Acute rejection episodes are treated with three pulse doses of 0.5–1 g intravenous methylprednisolone or monoclonal antibody (e.g. muromonab–CD3) if the episode is resistant to steroids. Azathioprine is given in doses of 1.5–3 mg/kg/day; it is metabolised by the liver so its dose does not need to be varied according to renal function, but the dose is usually adjusted according to the neutrophil count. The use of allopurinol should be avoided because it interferes with azathioprine excretion and increases bone marrow toxicity.

Azathioprine has largely been replaced by mycophenalate (resulting in less acute rejection), but some patients with older transplants may still be taking azathioprine.

Prednisone is given in maintenance doses of approximately 7.5–10 mg daily after about 6 months. A gradually rising creatinine level may be a sign of cyclosporin toxicity (which, if caused by interstitial fibrosis, is not reversible) or of chronic rejection. This is a difficult clinical problem, but graft biopsy can be used to decide whether the cyclosporin should be stopped or immunosuppression increased.

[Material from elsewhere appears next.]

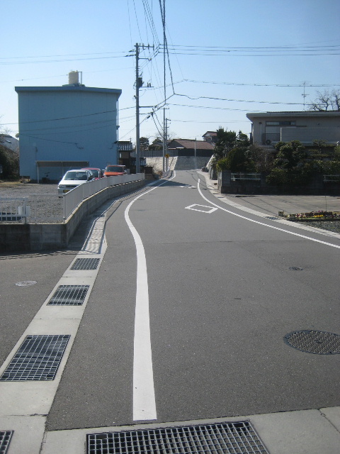 1. 計画線では工学部通りを東へ直線的に延伸したルートとなっている。しかし現地の舗装は民家の手前までで停まっている。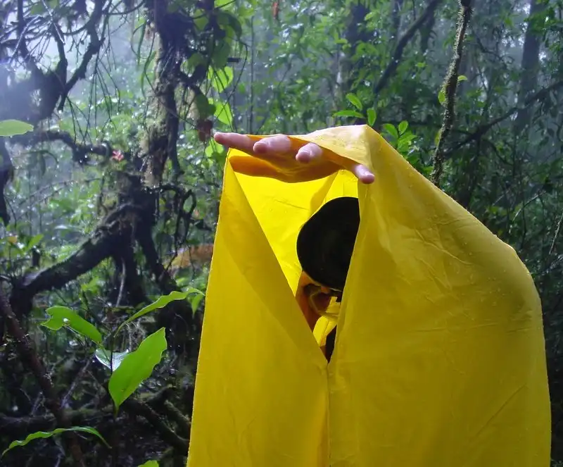 Before too long something that looked like a carro but wasn´t one did show up, and the friendly driver offered to give us a lift for a few kilometers. A while later he dropped us off at a roadside restaurant, thoroughly chilled but 10 km. closer to our goal: P. hemiepiphytica. Another friendly local chatted with us for a few minutes outside the restaurant before offering us a ride some more kilometers up the road. As we climbed in the back of his truck, we noticed that the other three occupants of the bed were much more well bundled up than we were. Haha. It´s kind of funny looking back at it now from this warm internet cafe. A few kilometers later it started drizzling. Both of us had planned ahead and brought ponchos (although mine looked and felt more like a plastic bag with holes in it). We wrapped up as best we could and grinned back at the Mexican lady laughing at us from the other side of the truck bed.

4. Opportunistic infections typically occur a month or more post-transplant. ToxoplasmaNocardia and Aspergillus are now less common with current immunosuppressive protocols; viral infections (especially CMV) dominate. Infection must be aggressively diagnosed (e.g. by blood cultures and lung biopsy) and treated. When infections are life-threatening, immunosuppressive treatment, apart from prednisone, should be suspended. CMV prophylaxis with ganciclovir and PCP prohylaxis with co-trimoxazole may be indicated.

5. The major cause of graft loss is chronic rejection (chronic allograft nephropathy).

6. Recurrence of glomerulonephritis in the transplanted kidney is not uncommon but is an uncommon cause of loss of the transplant. It is most common with focal glomerulosclerosis. IgA nephropathy, Goodpasture’s syndrome but membranoproliferative glomerulonephritis (especially type II) can also recur.

7. Some diabetic patients with end stage renal failure will have undergone kidney/pancreas transplants. They may have the additional problems with pancreatic drainage (bladder or to gut) and leakage.